Here are today’s verses.

Come, my children, listen to me;
I will teach you the fear of the Lord.
Whoever of you loves life
and desires to see many good days,
keep your tongue from evil
and your lips from speaking lies.
Turn from evil and do good;
seek peace and pursue it.

Commentators say David did not have any children when he wrote this. Rather, he is talking to those he brought alongside him (mentioned in verse 3 and discussed in week 1). He emphasizes, “Listen; this is important. Learn this when you are young if possible. Fear God.”

I’ll be very honest and say I don’t completely understand what it means to fear God. I have asked Christians I respect their interpretation of this concept, I’ve listening to podcasts about it and read commentaries. It’s difficult for me to wrap my mind around.

Fear can mean to “cause awe or astonishment, revere and respect.” That, I can understand. But to “be afraid?” I’m just not sure. I talked about this a little last week, as fear was also part of that excerpt.

I think the surrounding verses are very helpful in discerning what God means in this case.

Fearing God, in this case, means being careful of what you say, what you seek, and what you pursue. This is confirmed as well in verses 9-10. We are careful of what we say and what we set our mind to because we are in awe of all God is, all He has done, and all He has yet to do.

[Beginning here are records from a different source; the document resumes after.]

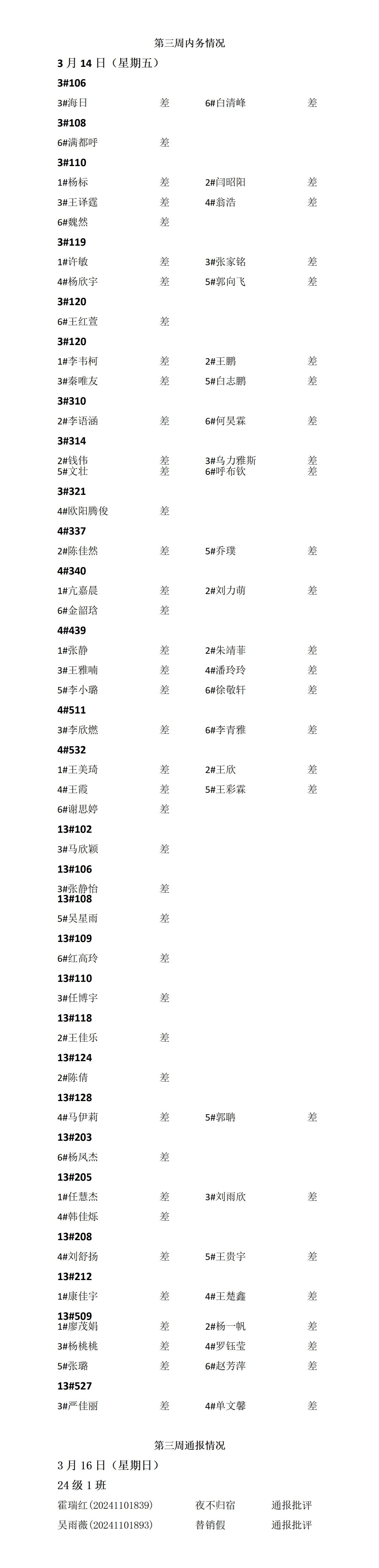 必赢242net官网2024——2025年度第二学期第三周通报情况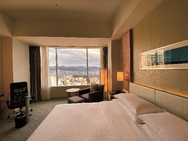 位於JR廣島站,在明亮挑高的大廳辦理入住手續後,來到20樓的俱樂部城景高樓層行政套房,每間房均在35㎡以上,房內有著喜來登一貫的奢華低調,透過偌大的窗看出去的是廣島帶著活力的街景。館內提供住客無微不至的服務與完善的商務休閒設施(如spa、健身房)。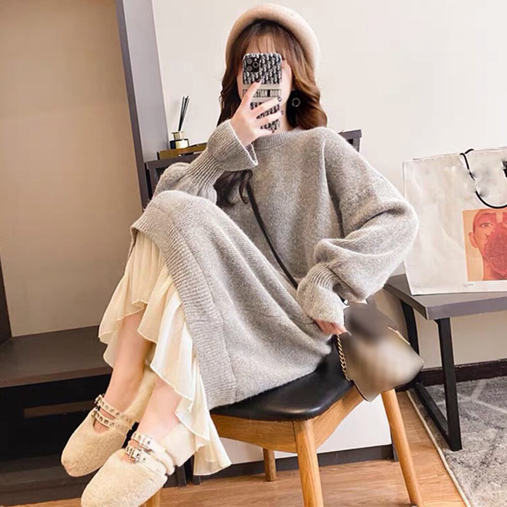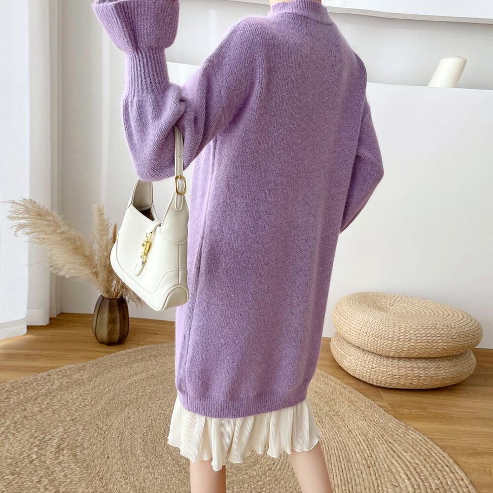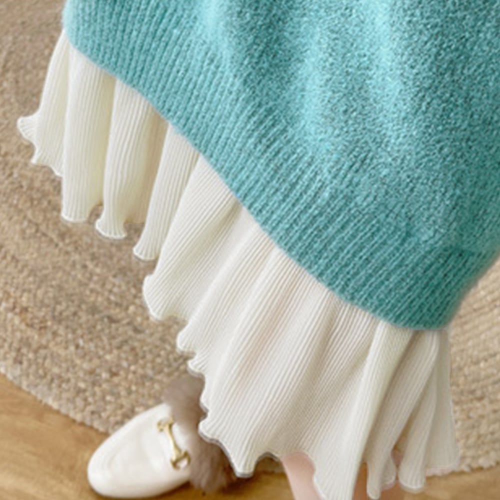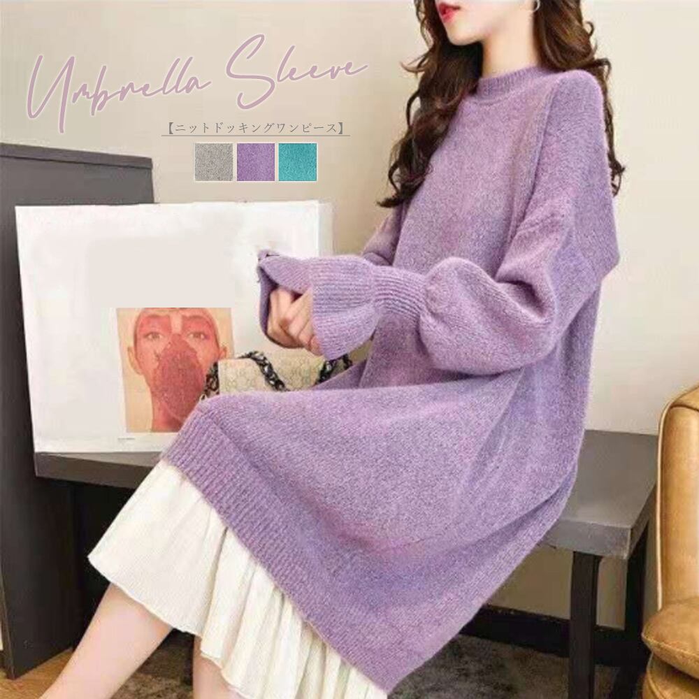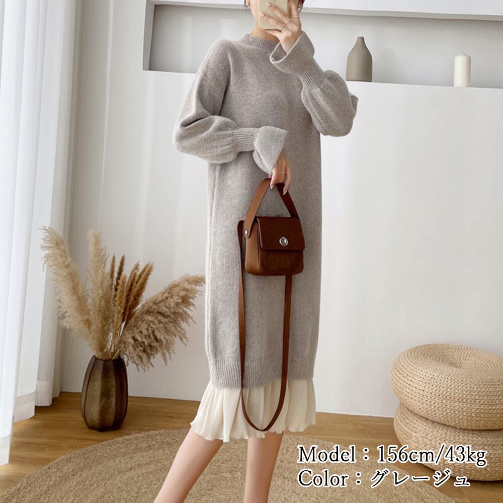 シフォン 切り替え 韓国 ファッション ワンピース 秋冬 アンブレラスリーブ フリル袖 膝丈ワンピース プチハイネック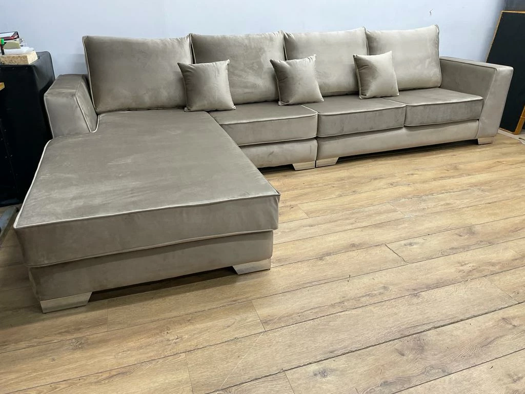 Luxury bespoke Corner Sofa, upholstered in the finest luxury fabrics, and hand manufactured in the UK, using high quality graded foam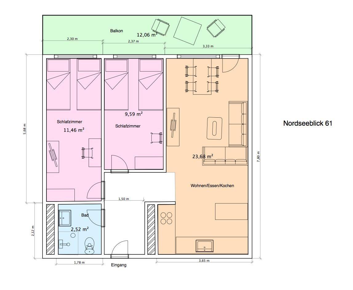 Die Ferienwohnung "Nordseeblick 61" befindet sich im achten Stock des Hauses "Nordseeblick". Das Haus liegt in der Kaiserstraße und ist mit einem Fahrstuhl ausgestattet. Die Wohnung bietet Platz für bis zu 4 Personen. Der Strand ist nur ca. 85m entfernt. Auch der Inselkern mit seinen zahlreichen Restaurants, Cafés oder anderen Einkaufsmöglichkeiten ist in wenigen Gehminuten erreichbar.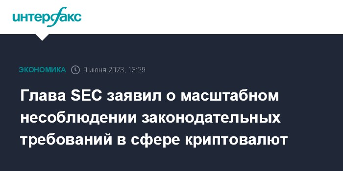 Москва. 9 июня. INTERFAX.RU - Глава Комиссии по ценным бумагам и биржам (SEC) Гэри Генслер довольно резко высказался в отношении рынка криптовалютных активов, отметив, что несоблюдение законодательных требований в отрасли может нанести ущерб доверию к американским финансовым рынкам.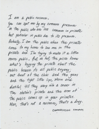 Cat. No.: CC-092a Full record BibCit: 4/8/1967. Broadsheet. Letter size. San Francisco: Communication Company. Collection: SS-x(m) | SOLA-x(ss). Abstract: R.s.: "passive emotions/ ...". Prose/poetry statement.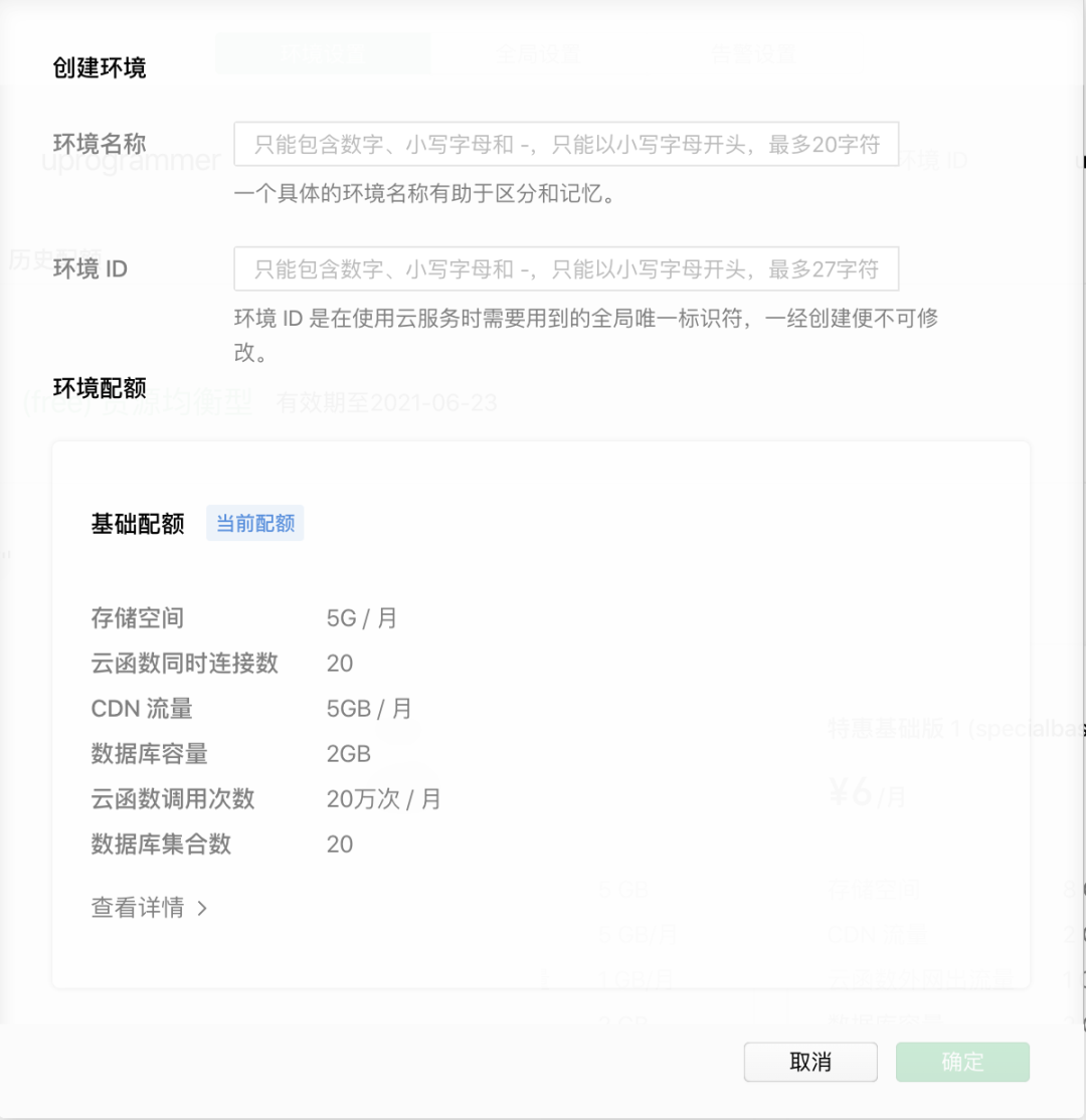 在微信开发者工具中打开自己的小程序工程,点击“云开发”菜单进去,如果之前没开通,需按照提示填写云开发环境名称。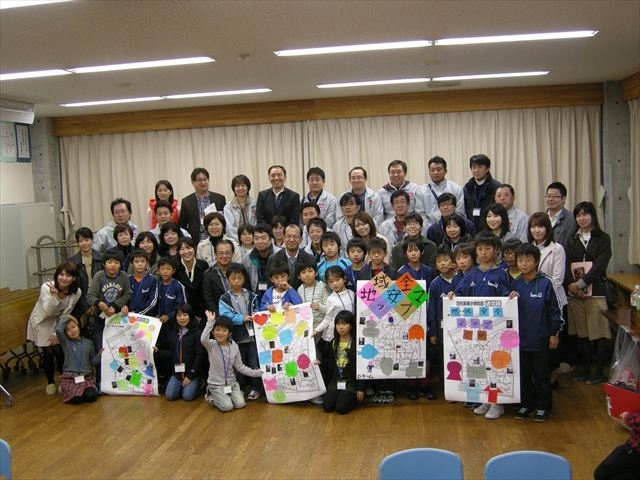 最後は自分達で作成した地域安全マップを持って全員で記念撮影!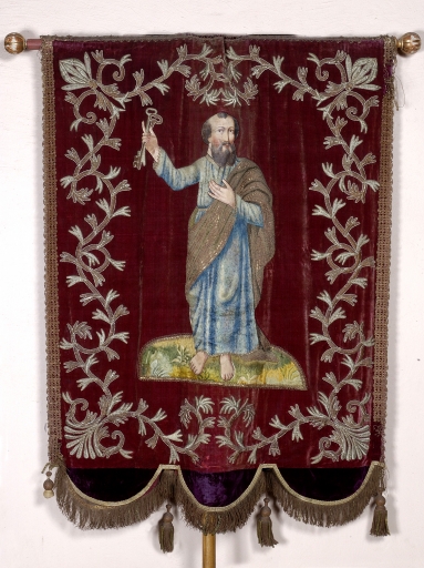 Bannière de procession paroissiale : Saint Pierre, Christ en croix,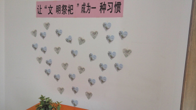 这是大连市沙河口区李家街道锦华社区为倡导文明祭祀,举办的以“捎去天堂的祝福—你在那边还好吗”为主题的清明祭祀活动。锦华社区专门空出一间办公室,设立为寄思屋,并在寄思屋里设置了天堂祭语墙,向每位前来祭祀祈福的居民派发一支专用自动消失笔,所写的字迹会在一两个小时中渐渐变淡褪去,这就意味着对逝者的祝福被捎去了天堂。很多居民对这种新奇的祭祀方式很认同,尤其是外来务工的居民,均表示由于工作太忙既没有时间上网祭祀,路远又不能回家,社区所提供的这种遥祭故人的形式完全符合了他们的心理。

It’s interesting to me that David says he will teach them about this fear, not that God will teach them. This is part of why I’ve asked Christians I respect what this means to them. Thus, this week, I’m asking God and you all: what does “fear of the Lord” mean to you? I’m asking God to show me in a new way how to revere, respect and fear Him. I’m also focusing on keeping my heart, my mind and my mouth in check.

2 thoughts on “Monday Morning Meditation: The Fear of the Lord (Psalm 34 series)

  1. Off the top of my head without looking into the original languages, the thought I’m having is that fearing God is part of wisdom, and the fear is like the fear one would have when walking over a suspension bridge where there is a 100-foot drop to certain death below.

    You know you’re safe if you stay on the bridge, and you know what NOT to do just by taking a quick look (i.e. swing the bridge till it dumps you off sideways, hang off the edges just to show off how skilled you think you are, etc.)